Dance for the camera

It seems that Sadler’s Wells are not new in the relationships between dance and photography which they drew, and I so enjoyed, in Undance last week. In fact, the artist Edgar Degas was making just such connections over a century ago between his paintings and sculptures, and the new photographic technology that was emerging at the end of the nineteenth century. I learnt this at the Royal Academy’s brilliant special exhibition Degas and the Ballet: Picturing Movement.
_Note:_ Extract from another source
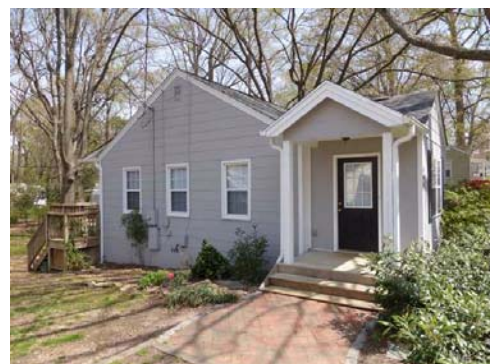
A brick walkway leads to the front door from the gravel driveway.
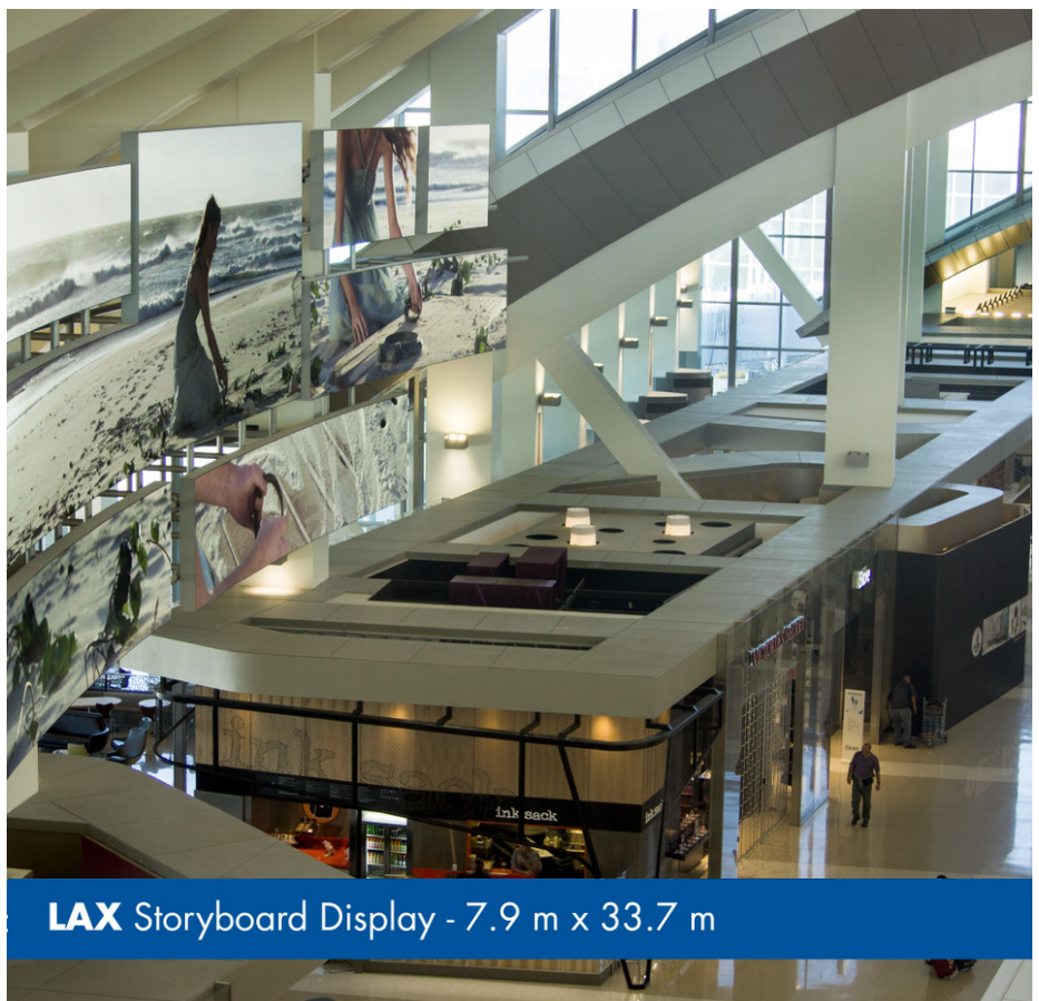
LAX Storyboard Display - 7.9 m x 33.7 m

This exhibition was, sadly, very poorly advertised I thought, as all of the publicity material I have seen featured only one of Degas’ well-known pictures of ballet practices, and gave no indication of the ground-breaking relationships which the exhibition has made between his art and contemporary photography. It tells a very convincing story of Degas’ initial hostile reaction to the static requirements of early portrait photography, and then growing interest in the possibilities created by techniques like photosculpture by Francois Willeme and, indeed, Muybridge’s Human Locomotion series. This is taken on into Degas’ own work with photography, and to looking at how his style of painting and sculpting responded to these experiences. Particularly striking is the reconstruction of Degas’ series of sketches for the sculpture Little Dancer Aged Fourteen, showing how they develop the figure from all sides as Degas’ observed her. If only the sketches had been reproduced to the scale of the statue surrounding it rather than on a small text panel.

As a proto-historian of science, I was pleased to see the inclusion of actual photographic technology in the show, including a camera which Degas may have used himself, but was disappointed to see little connection made between the cameras and the brilliant films and photographs displayed alongside the paintings. Linking the medium more firmly to the machine and therefore to ways of seeing through it would have added a useful layer to this very effective picturing of movement.